Problem statement ▸ Below, locate the line that contains "Um exemplar de". Repeat exactly from that line to the line that contains "沿關帝廟墻外通道前行,進入后", inclusive, leaving out the pictures.

Stored data ▸
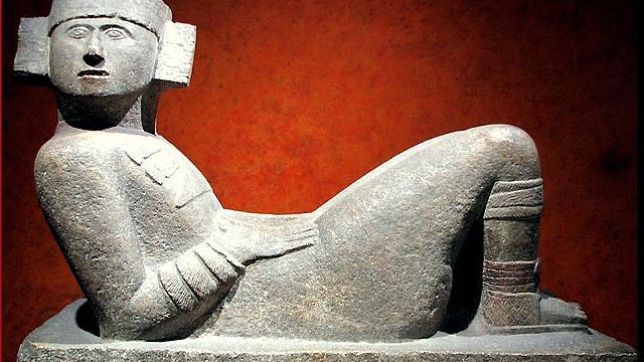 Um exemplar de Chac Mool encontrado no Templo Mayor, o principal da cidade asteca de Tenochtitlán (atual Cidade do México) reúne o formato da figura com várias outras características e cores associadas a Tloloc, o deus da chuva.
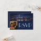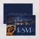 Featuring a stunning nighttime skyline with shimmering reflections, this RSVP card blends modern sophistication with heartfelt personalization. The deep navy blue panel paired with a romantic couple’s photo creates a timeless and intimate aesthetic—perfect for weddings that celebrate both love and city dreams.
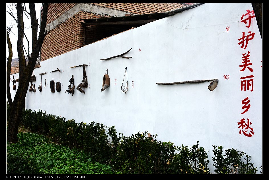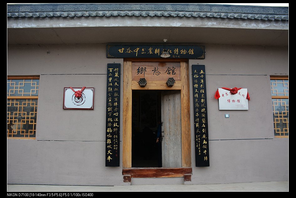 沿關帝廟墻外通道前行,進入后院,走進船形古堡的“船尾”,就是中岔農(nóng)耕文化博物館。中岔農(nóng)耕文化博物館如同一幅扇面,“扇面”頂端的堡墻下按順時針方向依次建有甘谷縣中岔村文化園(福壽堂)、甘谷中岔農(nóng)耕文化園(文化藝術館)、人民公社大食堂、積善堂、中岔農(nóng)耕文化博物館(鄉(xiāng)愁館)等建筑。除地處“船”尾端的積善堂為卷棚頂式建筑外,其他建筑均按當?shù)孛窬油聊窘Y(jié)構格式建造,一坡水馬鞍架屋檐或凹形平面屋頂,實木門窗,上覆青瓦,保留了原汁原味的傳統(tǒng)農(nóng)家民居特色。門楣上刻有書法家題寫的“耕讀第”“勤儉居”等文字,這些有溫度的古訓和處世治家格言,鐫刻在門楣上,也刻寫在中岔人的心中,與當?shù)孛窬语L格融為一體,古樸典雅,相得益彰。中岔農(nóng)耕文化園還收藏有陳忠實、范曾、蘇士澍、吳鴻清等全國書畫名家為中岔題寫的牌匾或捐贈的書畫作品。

---

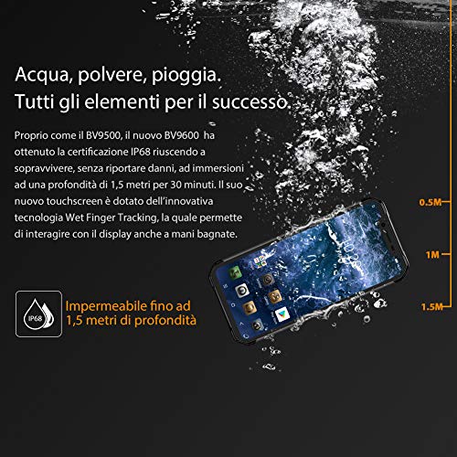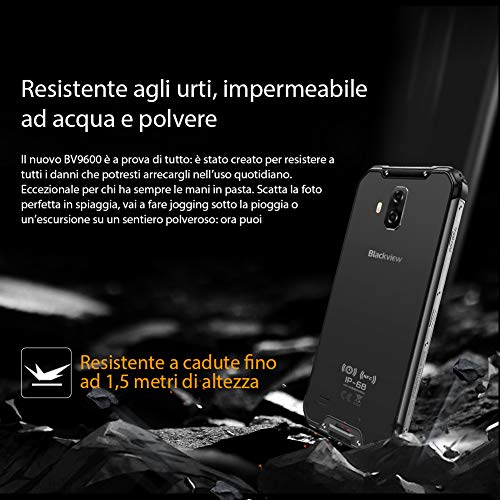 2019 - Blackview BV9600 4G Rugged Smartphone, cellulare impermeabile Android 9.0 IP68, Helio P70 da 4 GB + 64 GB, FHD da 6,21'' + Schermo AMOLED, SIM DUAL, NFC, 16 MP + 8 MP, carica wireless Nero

* * *

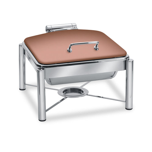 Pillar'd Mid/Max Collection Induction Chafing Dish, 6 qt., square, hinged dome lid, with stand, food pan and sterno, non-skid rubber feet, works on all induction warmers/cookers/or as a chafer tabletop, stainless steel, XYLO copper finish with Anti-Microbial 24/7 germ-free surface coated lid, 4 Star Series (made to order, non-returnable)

Your response ▸
 Um exemplar de Chac Mool encontrado no Templo Mayor, o principal da cidade asteca de Tenochtitlán (atual Cidade do México) reúne o formato da figura com várias outras características e cores associadas a Tloloc, o deus da chuva.
 Featuring a stunning nighttime skyline with shimmering reflections, this RSVP card blends modern sophistication with heartfelt personalization. The deep navy blue panel paired with a romantic couple’s photo creates a timeless and intimate aesthetic—perfect for weddings that celebrate both love and city dreams.
 沿關帝廟墻外通道前行,進入后院,走進船形古堡的“船尾”,就是中岔農(nóng)耕文化博物館。中岔農(nóng)耕文化博物館如同一幅扇面,“扇面”頂端的堡墻下按順時針方向依次建有甘谷縣中岔村文化園(福壽堂)、甘谷中岔農(nóng)耕文化園(文化藝術館)、人民公社大食堂、積善堂、中岔農(nóng)耕文化博物館(鄉(xiāng)愁館)等建筑。除地處“船”尾端的積善堂為卷棚頂式建筑外,其他建筑均按當?shù)孛窬油聊窘Y(jié)構格式建造,一坡水馬鞍架屋檐或凹形平面屋頂,實木門窗,上覆青瓦,保留了原汁原味的傳統(tǒng)農(nóng)家民居特色。門楣上刻有書法家題寫的“耕讀第”“勤儉居”等文字,這些有溫度的古訓和處世治家格言,鐫刻在門楣上,也刻寫在中岔人的心中,與當?shù)孛窬语L格融為一體,古樸典雅,相得益彰。中岔農(nóng)耕文化園還收藏有陳忠實、范曾、蘇士澍、吳鴻清等全國書畫名家為中岔題寫的牌匾或捐贈的書畫作品。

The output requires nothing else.